Based on our current portfolio, leverage rate and available borrowing arrangements, we believe that our cash flow from operations and the utilization of borrowings will be sufficient to enable us to meet anticipated short-term (one year or less) liquidity requirements such as funding our investment activities, funding our distributions to stockholders and for general corporate expenses. However, an increase in prepayment rates substantially above our expectations could cause a temporary liquidity shortfall due to the timing of the necessary margin calls on the financing arrangements and the actual receipt of the cash related to principal paydowns. If our cash resources are at any time insufficient to satisfy our liquidity requirements, we may have to issue debt or additional equity securities or sell Agency RMBS in our portfolio. If required, the sale of Agency RMBS at prices lower than their amortized cost would result in realized losses. We believe that we have additional capacity through repurchase agreements to leverage our equity further should the need for additional short-term (one year or less) liquidity arise.
Our investment portfolio is comprised principally of highly liquid Agency RMBS guaranteed by Freddie Mac or Fannie Mae, and Ginnie Mae RMBS and U.S. Treasuries backed by the full faith and credit of the U.S. government. We regularly monitor the creditworthiness of the U.S. government. While the U.S. government has had its credit rating downgraded in recent years by on e of the credit rating agencies, it remains one of the most secure creditors in the world as of September 30, 2014. See Note 2, Investments in Securities.

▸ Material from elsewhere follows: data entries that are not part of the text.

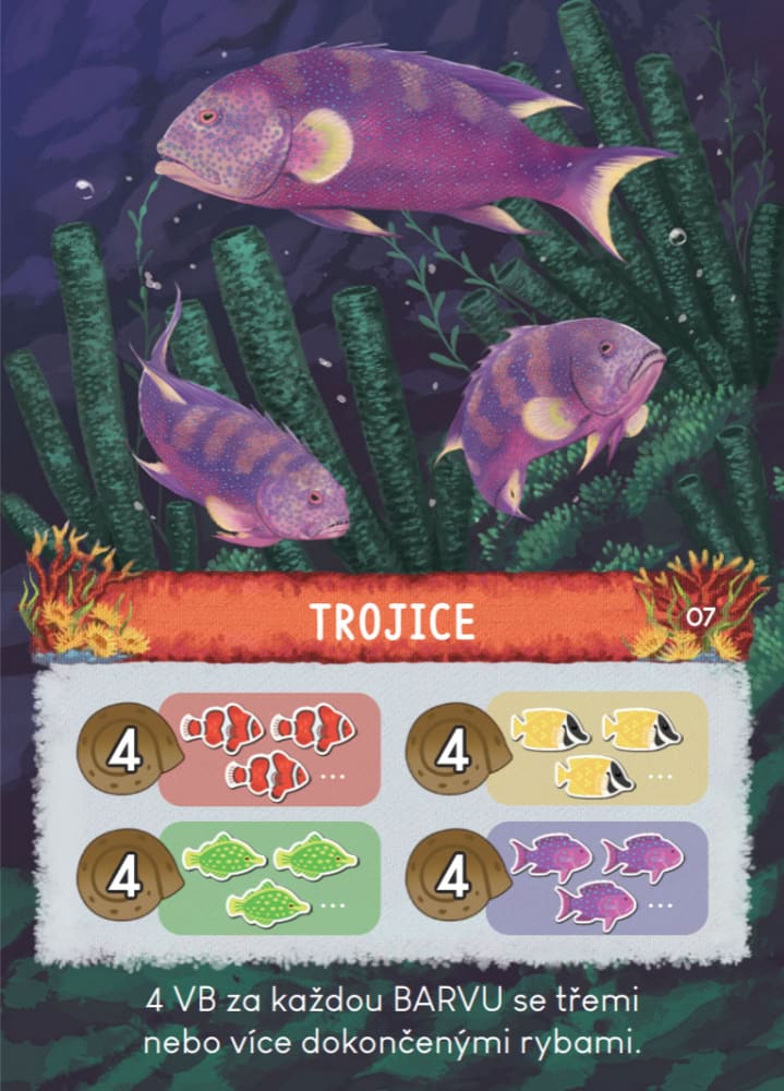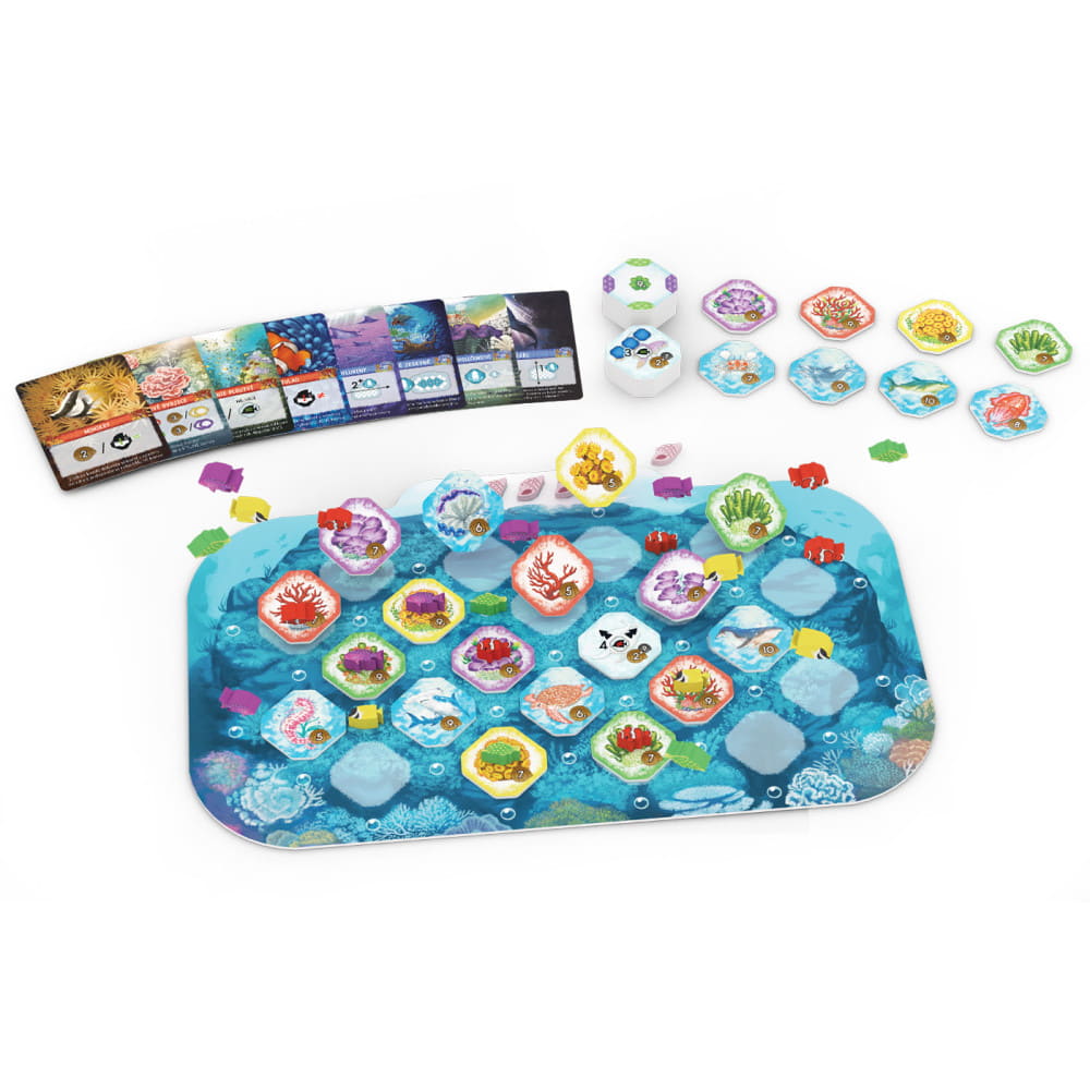 V každém kole budou vybírat rybky a dílky korálů nebo mořského života a umisťovat je na svou hrací desku.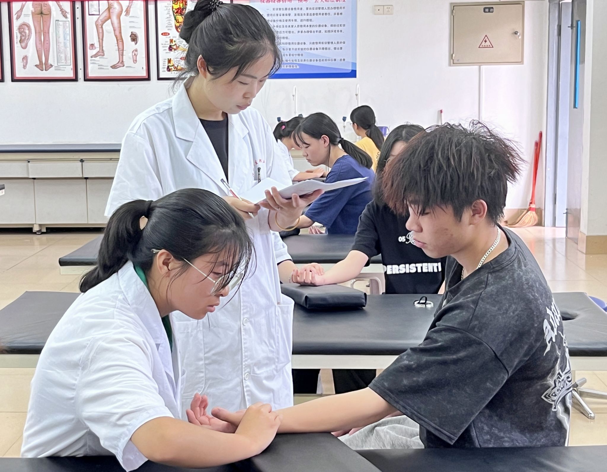 为弘扬和传播中医文化,提升学生临床实践能力,健康与保健系于6月8日举行2023年“中医四诊”技能大赛,2021级中医学专业全体学生参加本次比赛。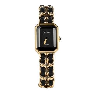 預購 CHANEL 香奈兒 Premiere Rocks皮革交織18K金鍊帶八角形鏡面石英錶(黑X金-M)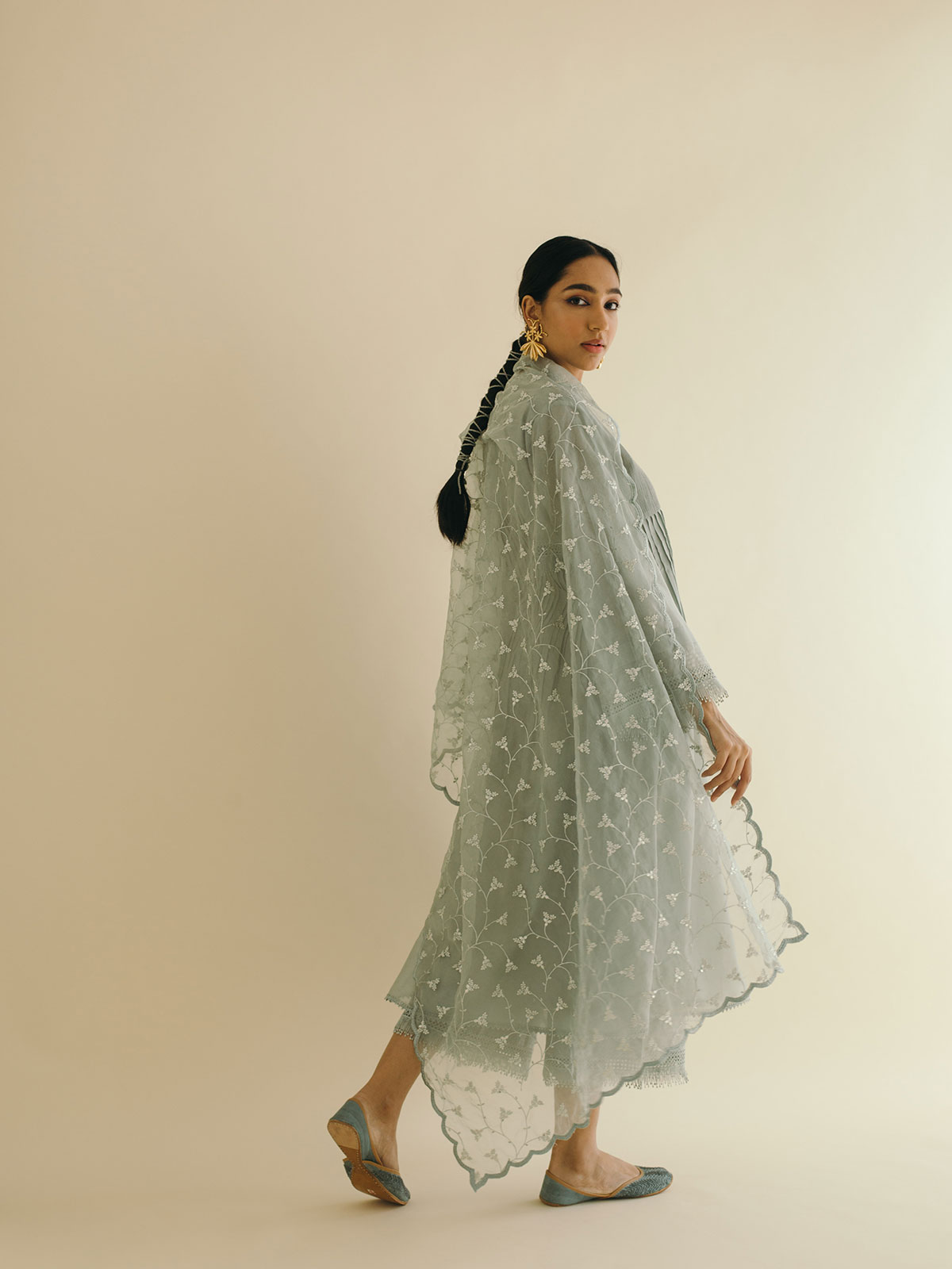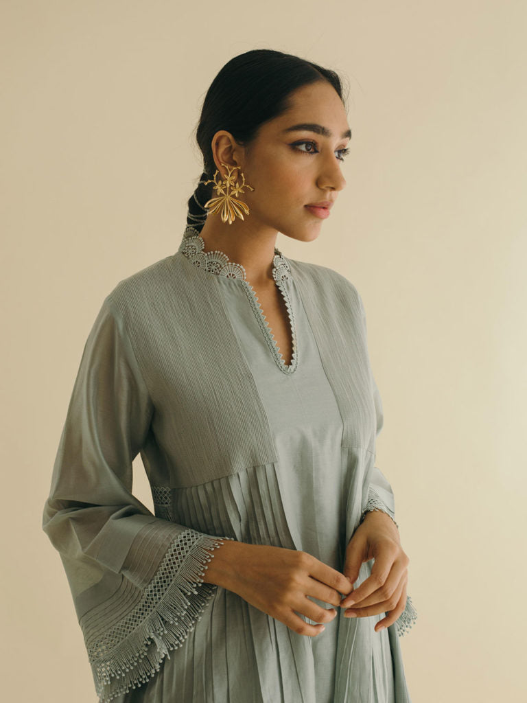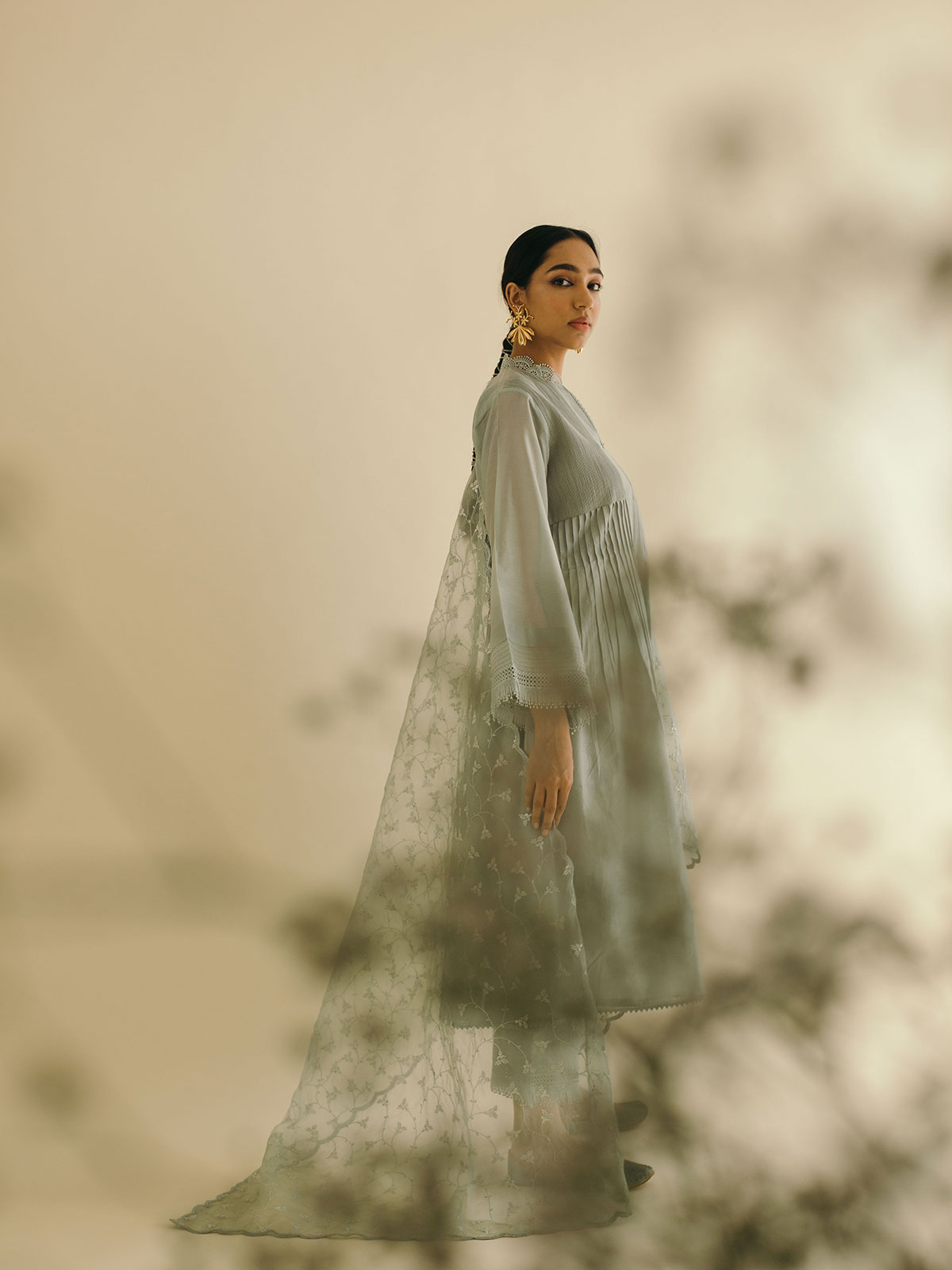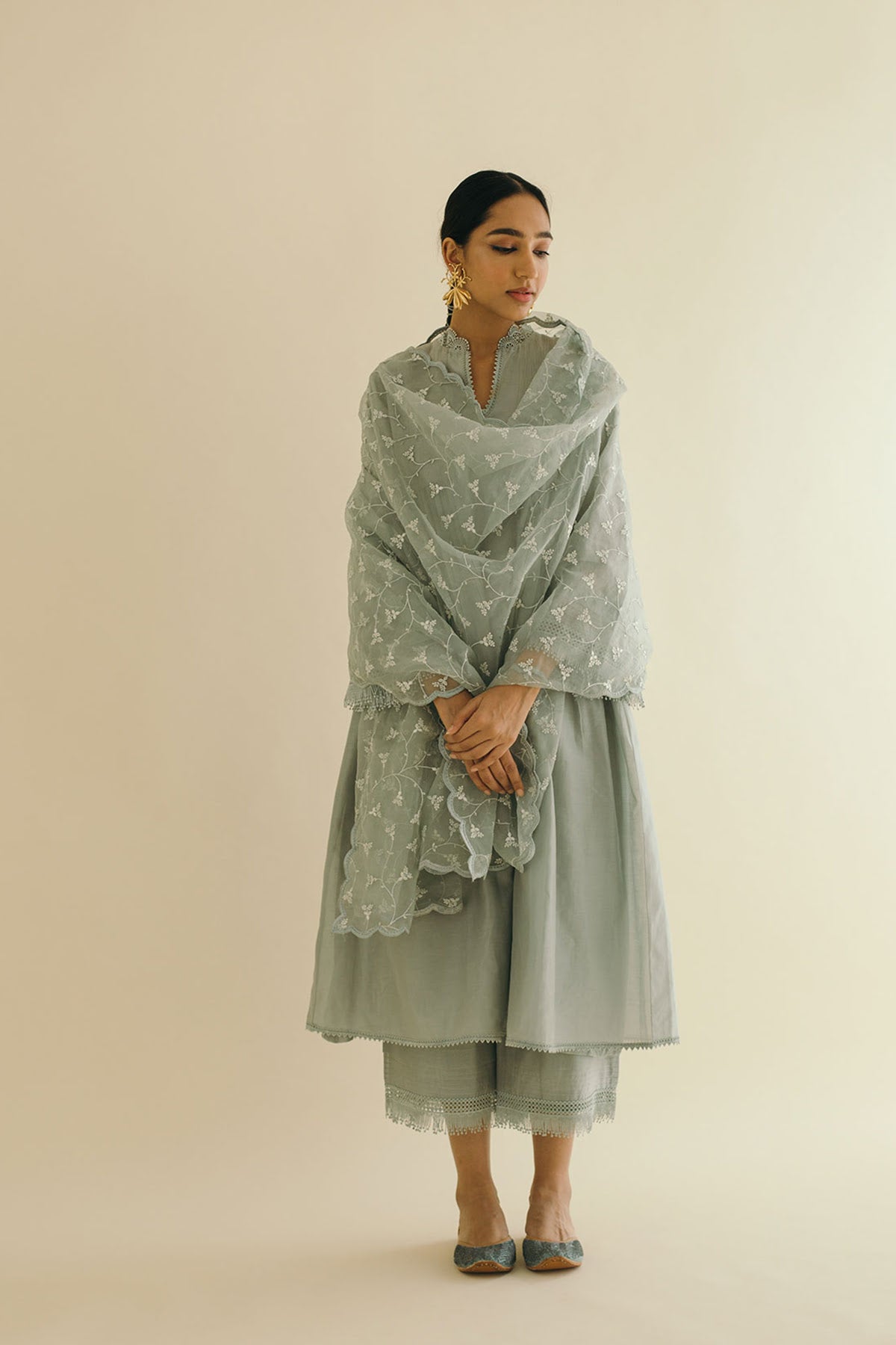 Purveyors of a ‘less is more’ aesthetic will be drawn to this dreamy sea-green kurta set. The flared sleeves add just the right amount of drama, and the lace detailing elevates this simple look. Paired here with our signature embroidered organza dupatta, this one’s a must have.

We may increase our capital resources by obtaining long-term credit facilities or making public or private offerings of equity or debt securities. Such financing will depend on market conditions for capital raises and for the investment of any proceeds. If we are unable to renew, replace or expand our sources of financing on substantially similar terms, it may have an adverse effect on our business and results of operations.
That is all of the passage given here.